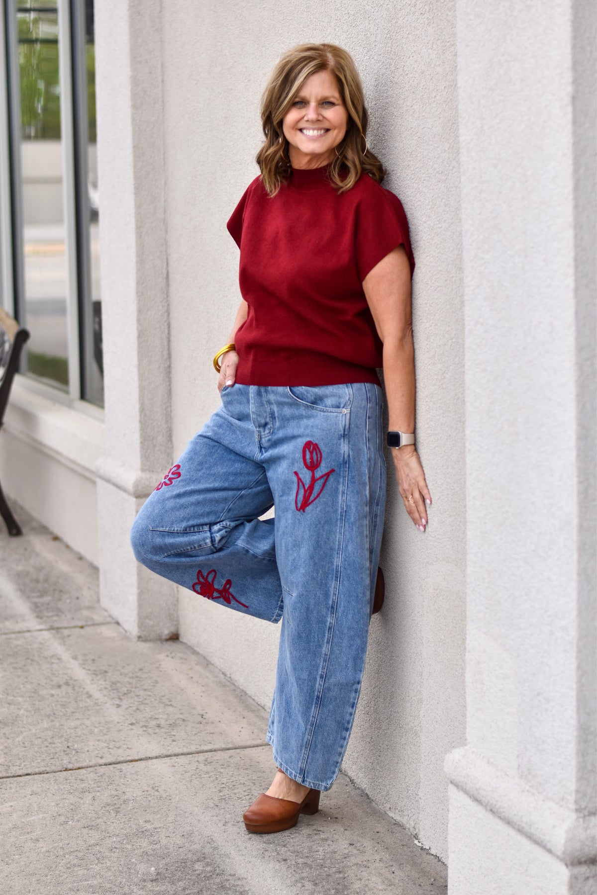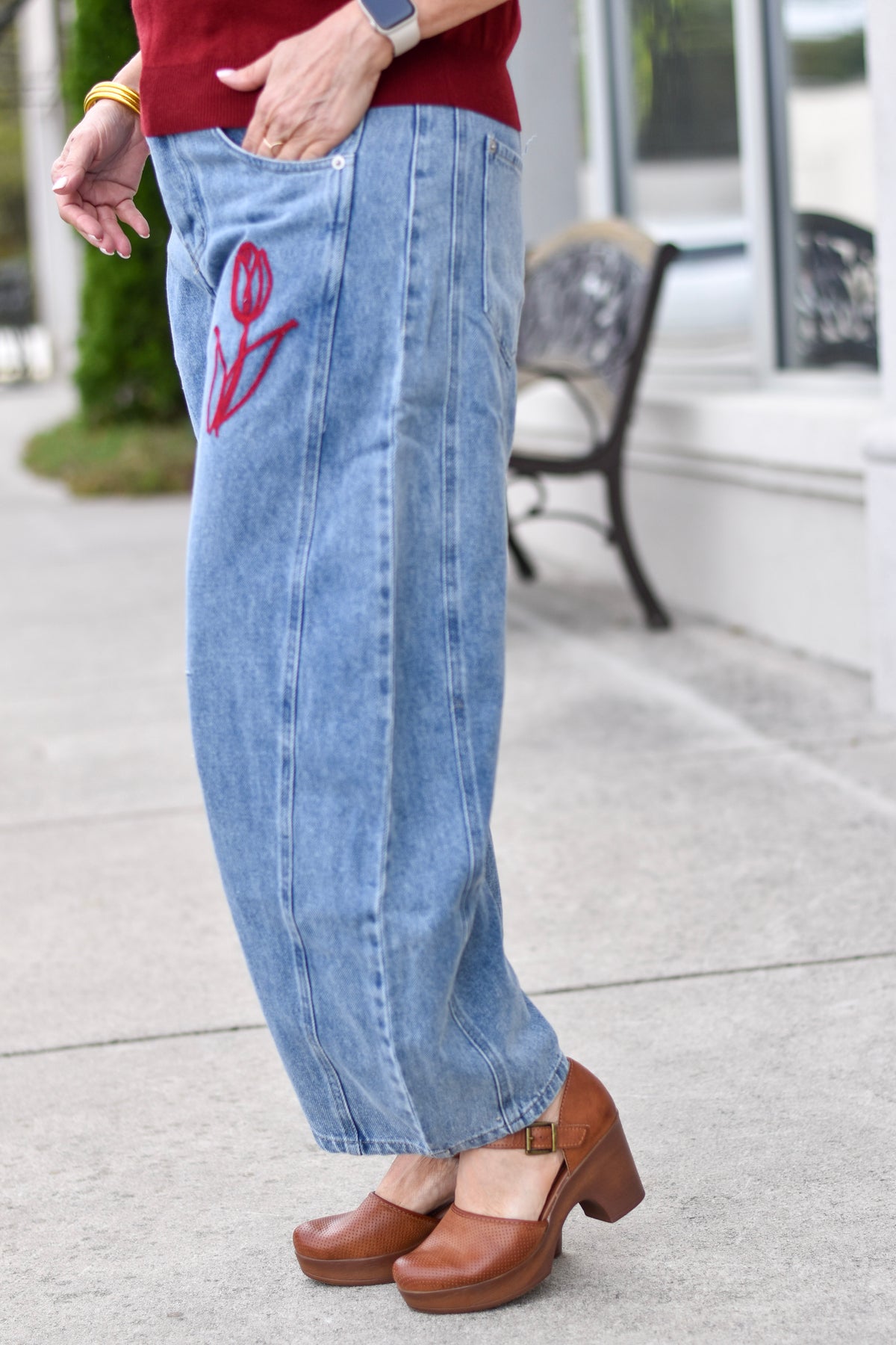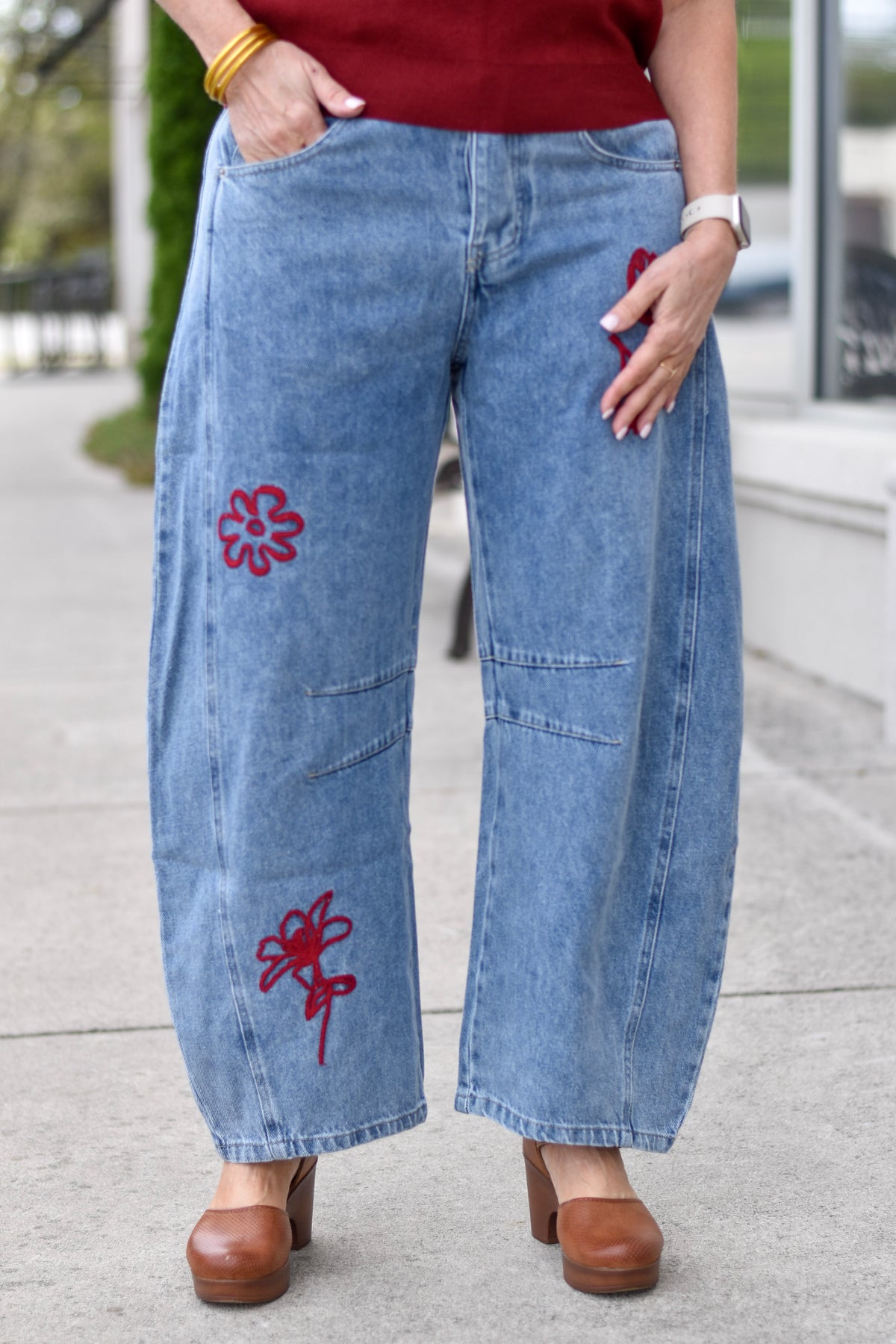 Effortlessly cute and casually chic, these floral embroidered barrel-leg jeans feature a flattering wash and soft, comfortable fabric for everyday wear.
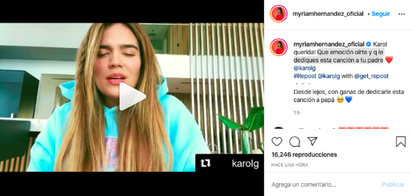 Myriam subió el video a su cuenta de Instagram, donde alabó el homenaje y regalo a su progenitor. “Qué emoción oírte y que le dediques esta canción a tu padre“, escribió la chilena.
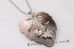 wholesale 60mm sea shell carved leafe-design  pendant with a 18KGP mounting and zircon beads!

» Problem details:
Without the pictures, give every line above again exactly.

» Task solution:
 Effortlessly cute and casually chic, these floral embroidered barrel-leg jeans feature a flattering wash and soft, comfortable fabric for everyday wear.
 Myriam subió el video a su cuenta de Instagram, donde alabó el homenaje y regalo a su progenitor. “Qué emoción oírte y que le dediques esta canción a tu padre“, escribió la chilena.
 wholesale 60mm sea shell carved leafe-design  pendant with a 18KGP mounting and zircon beads!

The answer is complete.